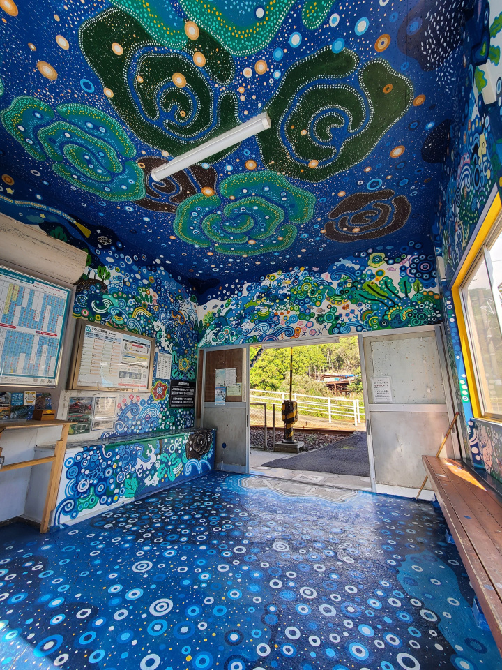 JR紀伊有田駅は、無人駅でどこかなつかしいノスタルジックな小さな駅舎。駅舎内に入ってみると全体が青色の世界にペインティングされていて、インスタ映えします。
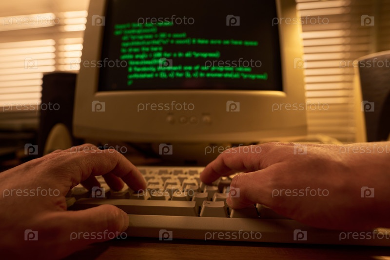 Человек, печатающий код на компьютерной клавиатуре в офисной обстановке
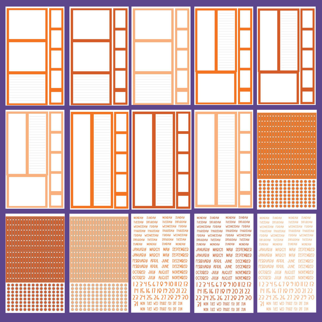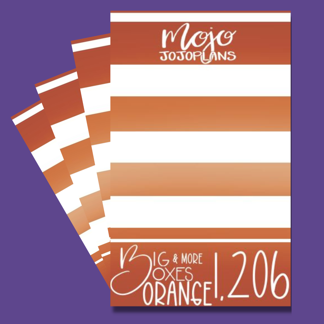 BIG Orange Boxes & More has everything you need to make your spread functional with 3 shades of red! Including all the boxes you could ever need, matching checklists and bullet points, pages of days, months and number stickers to complete the set! All stickers are sized to fit in a BIG Happy Planner.
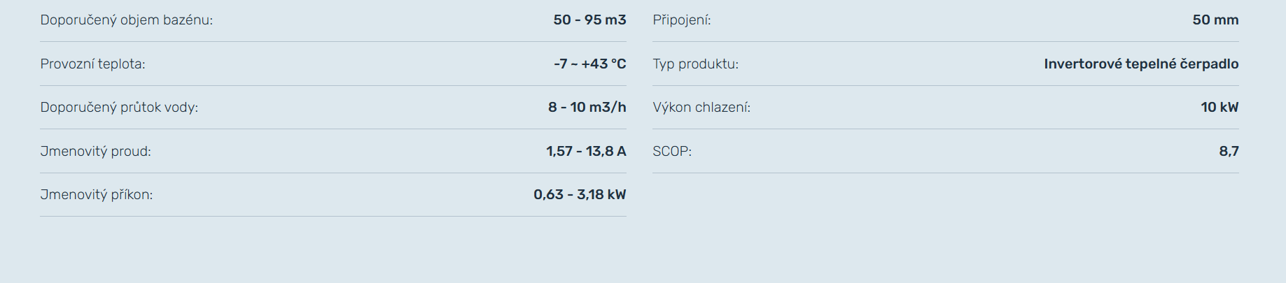 Když Rapid Inverter běží při střední nebo nízké rychlosti pro udržení teploty bazénu, je hlučnost kompresoru extrémně nízká. Rapid Inverter má v závislosti na velikosti bazénu efektivitu COP až 16 (při teplotě vzduchu 26°C, vody 26°C a vlhkosti vzduchu 80%)
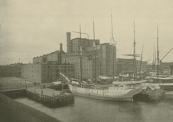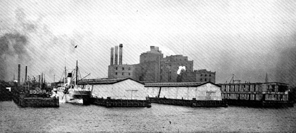 According to engineer George Newhall, whose court testimony is recorded in the 1912 volume, United States of America, Petitioner, Against the American Sugar Refining Company, “if you want to be very particular about it, I may say the Delaware Sugar Refinery was a molasses house and I remodeled into a sugar refinery.” Indeed, during this time, the South was in a phase of ongoing reconstruction following the devastation of the Civil War. Thus, much of the refining activity that took place near southern plantations soon migrated north to Philadelphia’s waterfront. Here below, the Delaware Refinery was taken over by the Franklin Sugar Refinery. The image below, taken from Philadelphia Buildings, shows the Franklin Refinery in 1899.
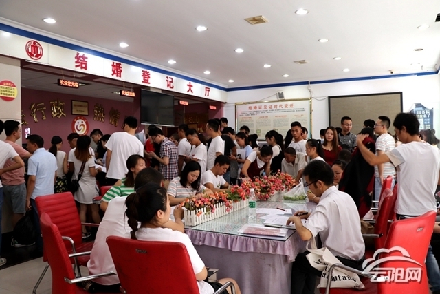 當天下午,記者來到縣民政局登記大廳,看見資料填寫臺、頒證窗口等地依然排著長隊。工作人員貼心地給每一對情侶發了號牌,以免混亂和不必要的等待。據工作人員介紹,當天來登記的人數是往常的三四倍,截至下午7點,共有160余對新人登記領取了結婚證。
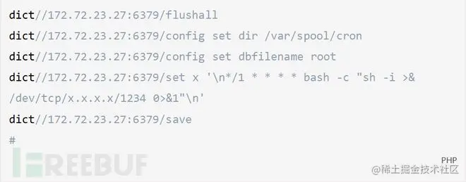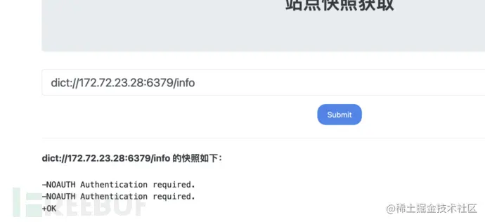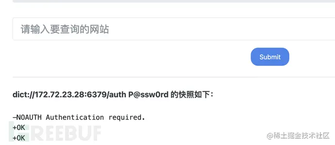 2. 使用dict协议访问6379端口的服务,redis需要验证密码。如果在内网redis需要认证的情况下,我们可以使用dict或gopher协议对密码进行爆破。
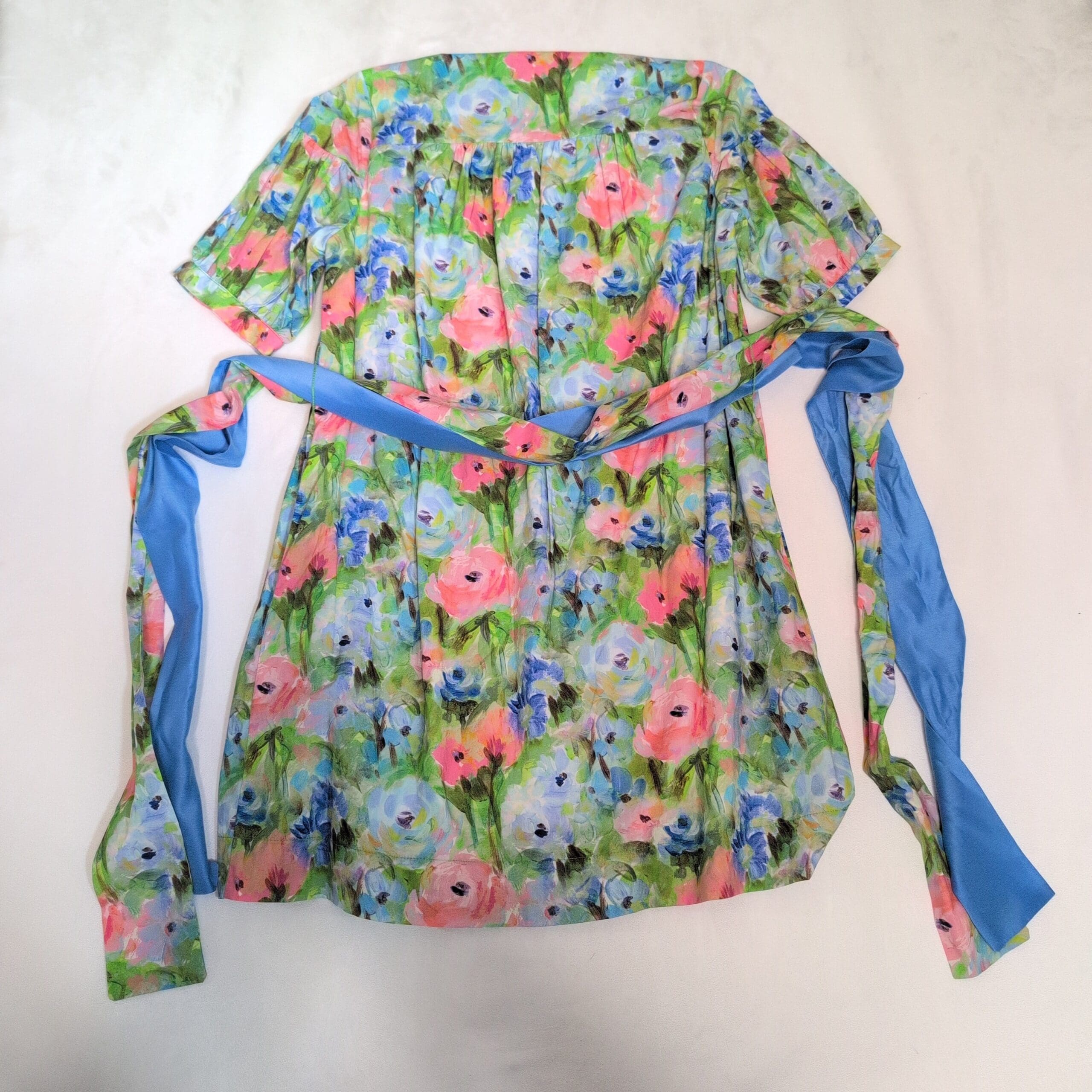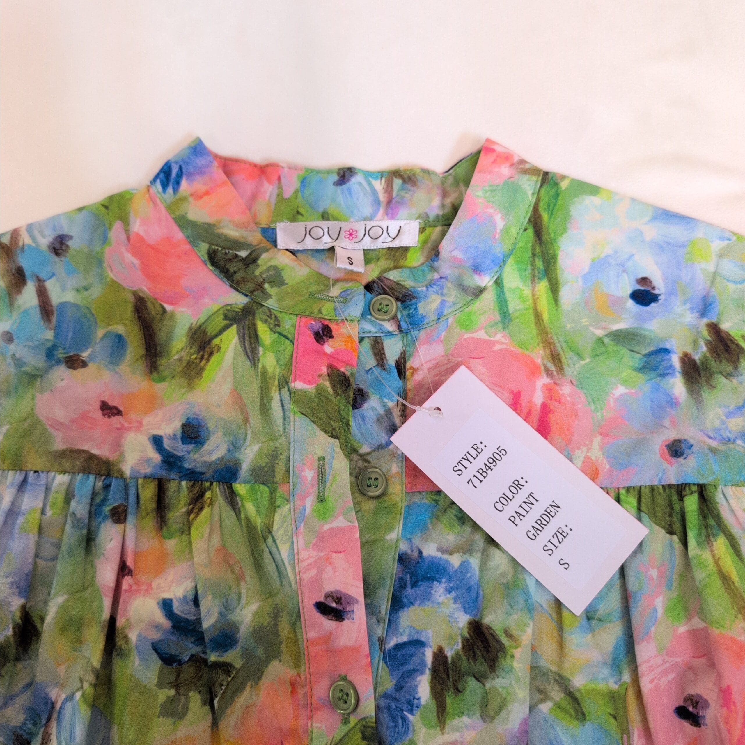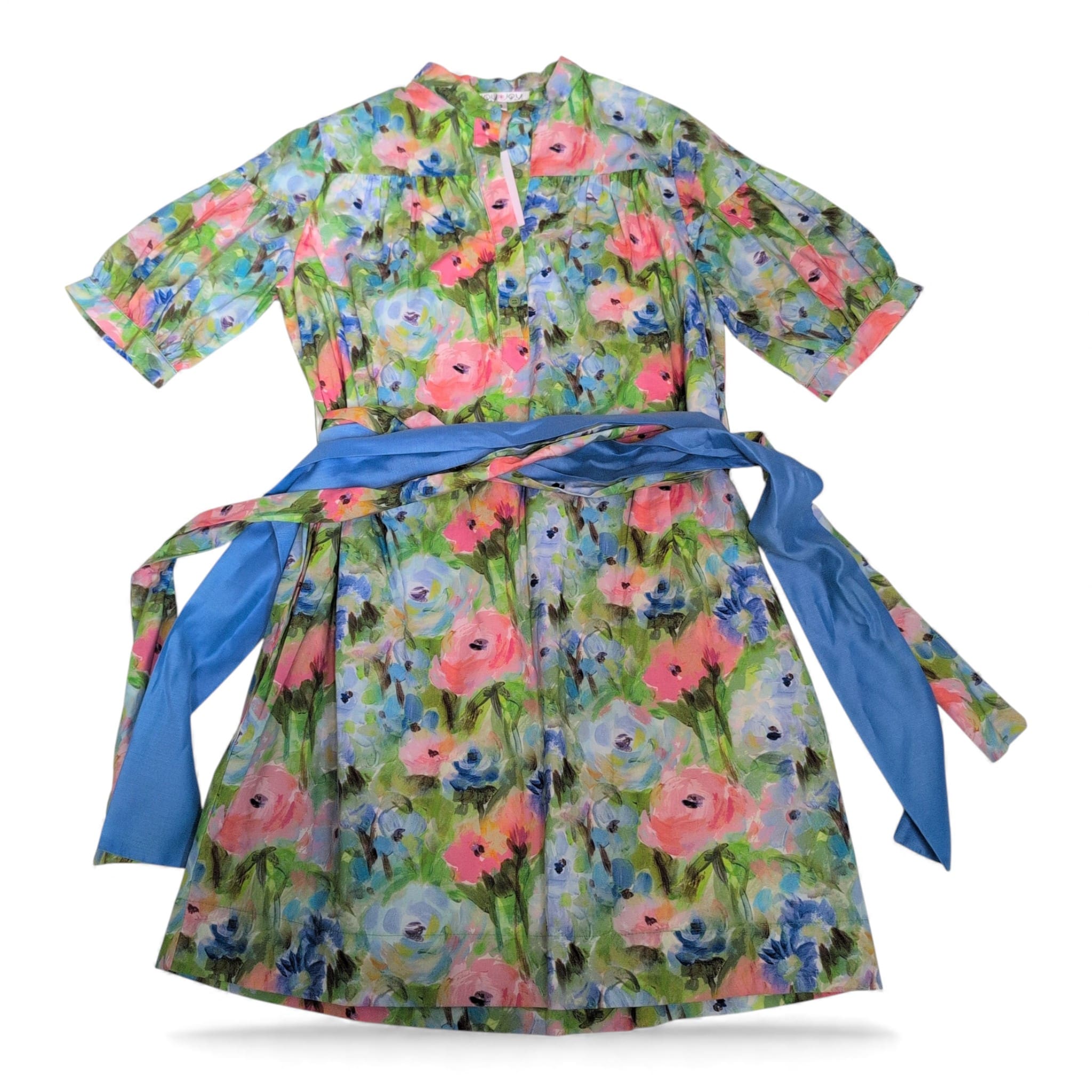 Joy Joy women’s floral dress in a vibrant green watercolor-inspired print. Size S (standard). New with tags and includes the detachable blue sash belt. Features button-front detail and short sleeves with a full skirt for a classic, feminine silhouette. Perfect for spring events, daytime outings, or dressed-up occasions. MSRP listed at $173.
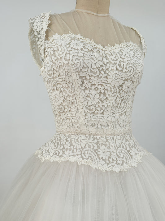 1950s Tea Length Lace and Tull Wedding Dress / Waist 24
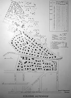 Altenhof I mit evangelischer Kapelle, 1901 errichtet (vom Gußmannplatz aus gesehen) -
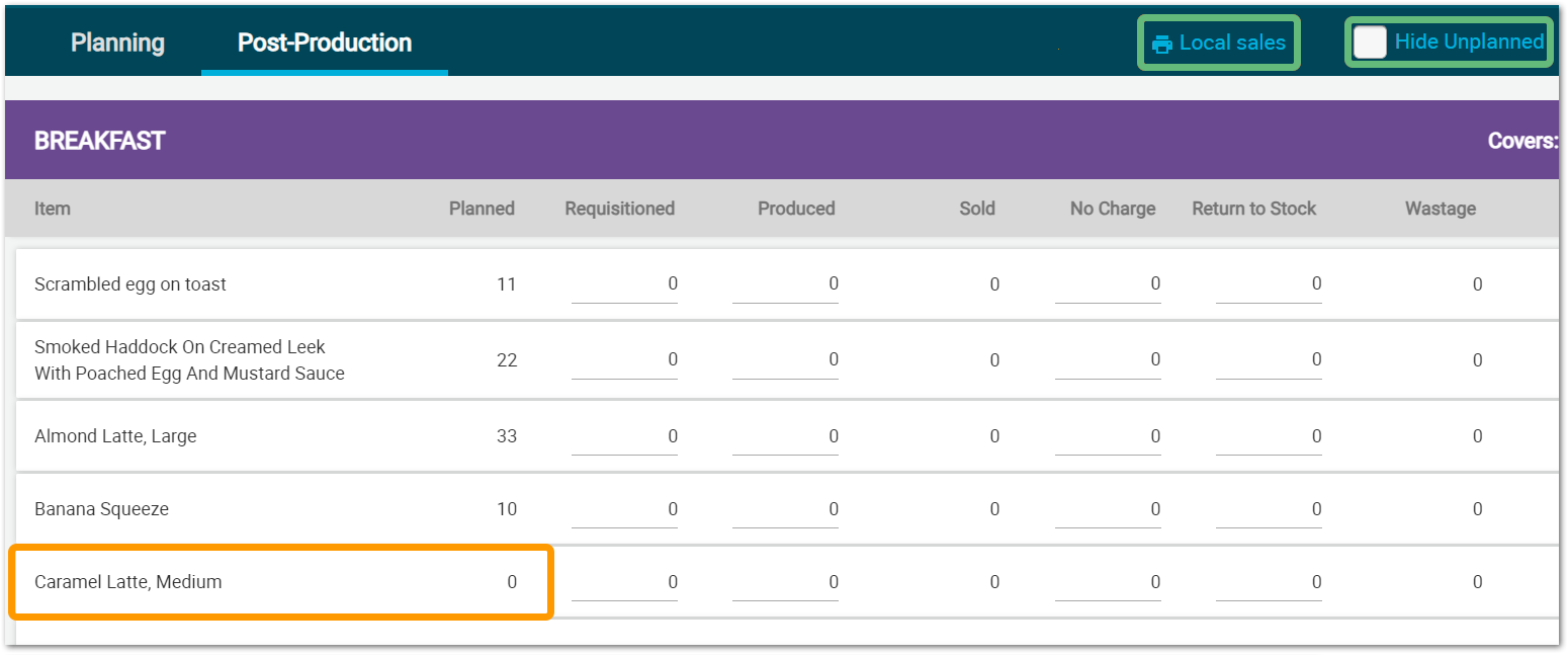 - Then, if running the Local sales report from this screen, the same unplanned items will not be included in it
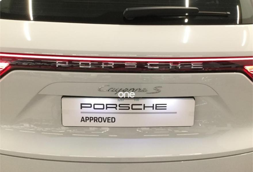 PORSCHE Cayenne, Gasolina, año 2018, 3500 kilómetros, color Blanco , precio 117500€. Indicador de límites de velocidad,Asientos confort delanteros (14 posiciones, eléctricos) con paquete de memoria,Asientos delanteros calefactables,Asientos delanteros ventilados,Paquete interior en Aluminio Pulido,Iluminación ambiente,Faros principales LED-Matrix incl. Porsche Dynamic Light System Plus (PDLS+),Interior en cuero Negro,Sistema de techo panorámico,Servodirección Plus,Volante deportivo multifunción calefactable con levas,Blanco,Llantas de 21" RS Spyder Design incluyendo revestimientos de pasos de puerta en color exterior,Retrovisores interior y exteriores antideslumbrantes automáticos,Suspensión neumática y sistema de suspensión activa Porsche Active Suspension Management (PASM),Asistente de aviso de carril e indicador de límites de velocidad,Asistente de visión nocturna,Cámara de marcha atrás,Porsche Dynamic Chassis Control (PDCC). Nuevo Porsche Cayenne S. Espectacular versión del nuevo SUV deportivo de Porsche. Esta versión ha sido lanzada al mercado a finales del 2017. Unidad semi nueva con 3.500 km. Matriculado en Marzo 2018. Cayenne S con motor Bi-Turbo de 440 cv. Cambio automático Tiptronic de 8 velocidades. 0-100 km/h en 5,2 segundos. Muy bien equipado destaca el interior completamente en cuero negro, suspensión neumática y activa, climatizador de 4 zonas, asientos delanteros ventilados y calefactados, cámara de infrarrojos para visión nocturna, techo panorámico de cristal, llantas de 21", asientos delanteros con 14 movimientos eléctricos y memoria, cámara trasera, asistente de cambio de carril y reconocimiento de señales de tráfico, retrovisores anti-deslumbrantes, iluminación ambiental, pantalla 12" táctil con navegador, conexión a internet, Apple Car Play y Porsche Car Connect..
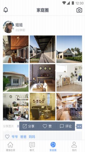 【家庭圈】基于家庭成員的社交分享空間,支持上傳分享圖片和視頻,支持點贊和評論。
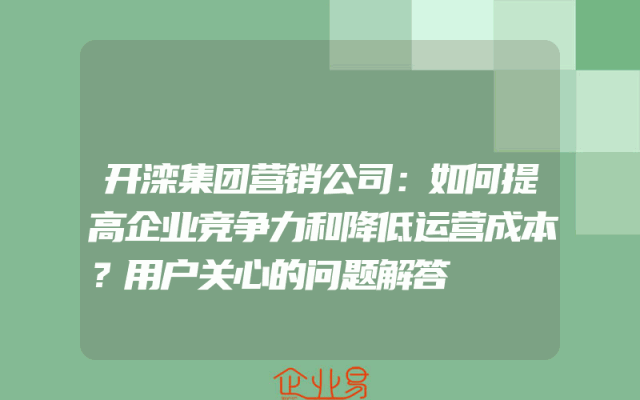 - 开滦集团营销公司:如何提高企业竞争力和降低运营成本?用户关心的问题解答
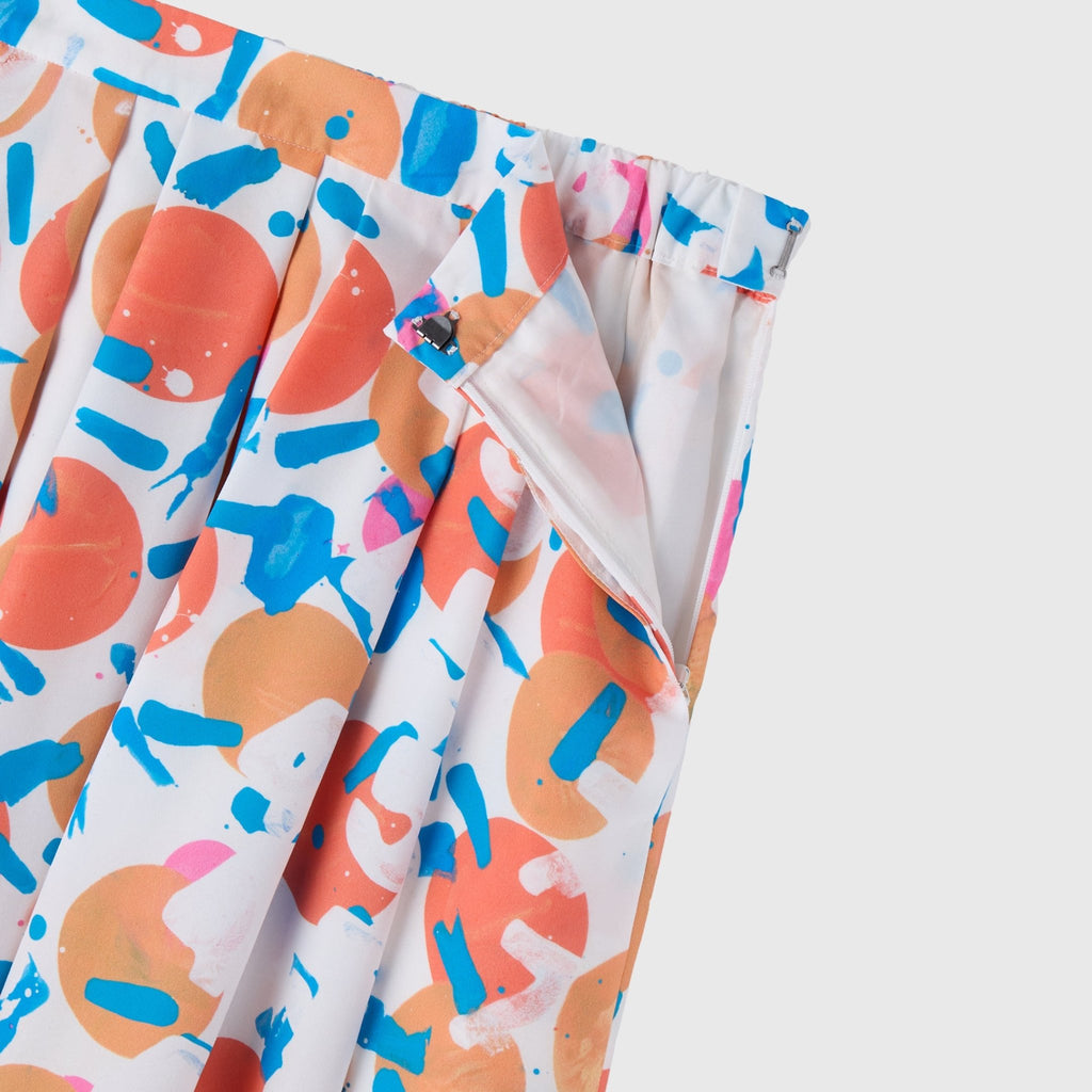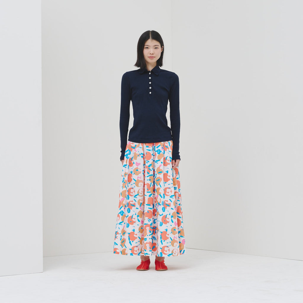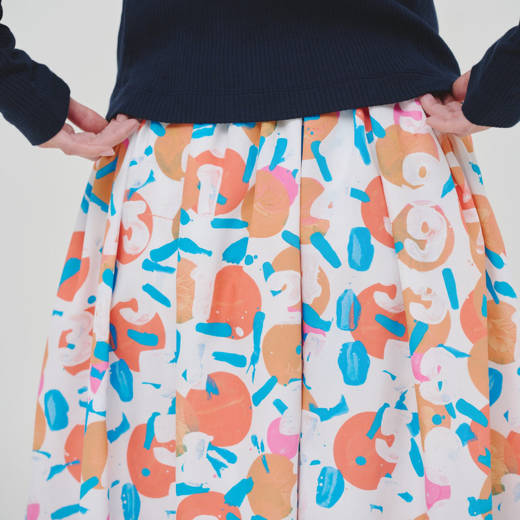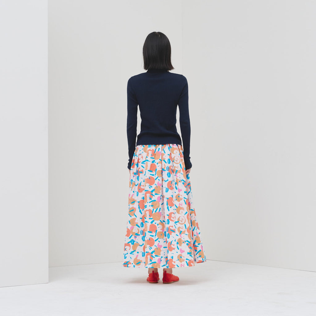 アートがふんわりと揺れる、大人のためのフレアスカートがバージョンアップ。ハリのある生地感で、オフィスカジュアルにもおすすめです。さらっとした肌心地の素材と、総ゴムのウエストで快適な着心地にもこだわりました。ご自宅で手洗い可能なお手入れのしやすさもポイントです。

**Aim of the task:**
Give back the records word for word, without their pictures.

**Written solution:**
 JR紀伊有田駅は、無人駅でどこかなつかしいノスタルジックな小さな駅舎。駅舎内に入ってみると全体が青色の世界にペインティングされていて、インスタ映えします。
 Человек, печатающий код на компьютерной клавиатуре в офисной обстановке
 BIG Orange Boxes & More has everything you need to make your spread functional with 3 shades of red! Including all the boxes you could ever need, matching checklists and bullet points, pages of days, months and number stickers to complete the set! All stickers are sized to fit in a BIG Happy Planner.
 Když Rapid Inverter běží při střední nebo nízké rychlosti pro udržení teploty bazénu, je hlučnost kompresoru extrémně nízká. Rapid Inverter má v závislosti na velikosti bazénu efektivitu COP až 16 (při teplotě vzduchu 26°C, vody 26°C a vlhkosti vzduchu 80%)
 According to engineer George Newhall, whose court testimony is recorded in the 1912 volume, United States of America, Petitioner, Against the American Sugar Refining Company, “if you want to be very particular about it, I may say the Delaware Sugar Refinery was a molasses house and I remodeled into a sugar refinery.” Indeed, during this time, the South was in a phase of ongoing reconstruction following the devastation of the Civil War. Thus, much of the refining activity that took place near southern plantations soon migrated north to Philadelphia’s waterfront. Here below, the Delaware Refinery was taken over by the Franklin Sugar Refinery. The image below, taken from Philadelphia Buildings, shows the Franklin Refinery in 1899.
 當天下午,記者來到縣民政局登記大廳,看見資料填寫臺、頒證窗口等地依然排著長隊。工作人員貼心地給每一對情侶發了號牌,以免混亂和不必要的等待。據工作人員介紹,當天來登記的人數是往常的三四倍,截至下午7點,共有160余對新人登記領取了結婚證。
 2. 使用dict协议访问6379端口的服务,redis需要验证密码。如果在内网redis需要认证的情况下,我们可以使用dict或gopher协议对密码进行爆破。
 Joy Joy women’s floral dress in a vibrant green watercolor-inspired print. Size S (standard). New with tags and includes the detachable blue sash belt. Features button-front detail and short sleeves with a full skirt for a classic, feminine silhouette. Perfect for spring events, daytime outings, or dressed-up occasions. MSRP listed at $173.
 1950s Tea Length Lace and Tull Wedding Dress / Waist 24
 Altenhof I mit evangelischer Kapelle, 1901 errichtet (vom Gußmannplatz aus gesehen) -
 - Then, if running the Local sales report from this screen, the same unplanned items will not be included in it
 PORSCHE Cayenne, Gasolina, año 2018, 3500 kilómetros, color Blanco , precio 117500€. Indicador de límites de velocidad,Asientos confort delanteros (14 posiciones, eléctricos) con paquete de memoria,Asientos delanteros calefactables,Asientos delanteros ventilados,Paquete interior en Aluminio Pulido,Iluminación ambiente,Faros principales LED-Matrix incl. Porsche Dynamic Light System Plus (PDLS+),Interior en cuero Negro,Sistema de techo panorámico,Servodirección Plus,Volante deportivo multifunción calefactable con levas,Blanco,Llantas de 21" RS Spyder Design incluyendo revestimientos de pasos de puerta en color exterior,Retrovisores interior y exteriores antideslumbrantes automáticos,Suspensión neumática y sistema de suspensión activa Porsche Active Suspension Management (PASM),Asistente de aviso de carril e indicador de límites de velocidad,Asistente de visión nocturna,Cámara de marcha atrás,Porsche Dynamic Chassis Control (PDCC). Nuevo Porsche Cayenne S. Espectacular versión del nuevo SUV deportivo de Porsche. Esta versión ha sido lanzada al mercado a finales del 2017. Unidad semi nueva con 3.500 km. Matriculado en Marzo 2018. Cayenne S con motor Bi-Turbo de 440 cv. Cambio automático Tiptronic de 8 velocidades. 0-100 km/h en 5,2 segundos. Muy bien equipado destaca el interior completamente en cuero negro, suspensión neumática y activa, climatizador de 4 zonas, asientos delanteros ventilados y calefactados, cámara de infrarrojos para visión nocturna, techo panorámico de cristal, llantas de 21", asientos delanteros con 14 movimientos eléctricos y memoria, cámara trasera, asistente de cambio de carril y reconocimiento de señales de tráfico, retrovisores anti-deslumbrantes, iluminación ambiental, pantalla 12" táctil con navegador, conexión a internet, Apple Car Play y Porsche Car Connect..
 【家庭圈】基于家庭成員的社交分享空間,支持上傳分享圖片和視頻,支持點贊和評論。
 - 开滦集团营销公司:如何提高企业竞争力和降低运营成本?用户关心的问题解答
 アートがふんわりと揺れる、大人のためのフレアスカートがバージョンアップ。ハリのある生地感で、オフィスカジュアルにもおすすめです。さらっとした肌心地の素材と、総ゴムのウエストで快適な着心地にもこだわりました。ご自宅で手洗い可能なお手入れのしやすさもポイントです。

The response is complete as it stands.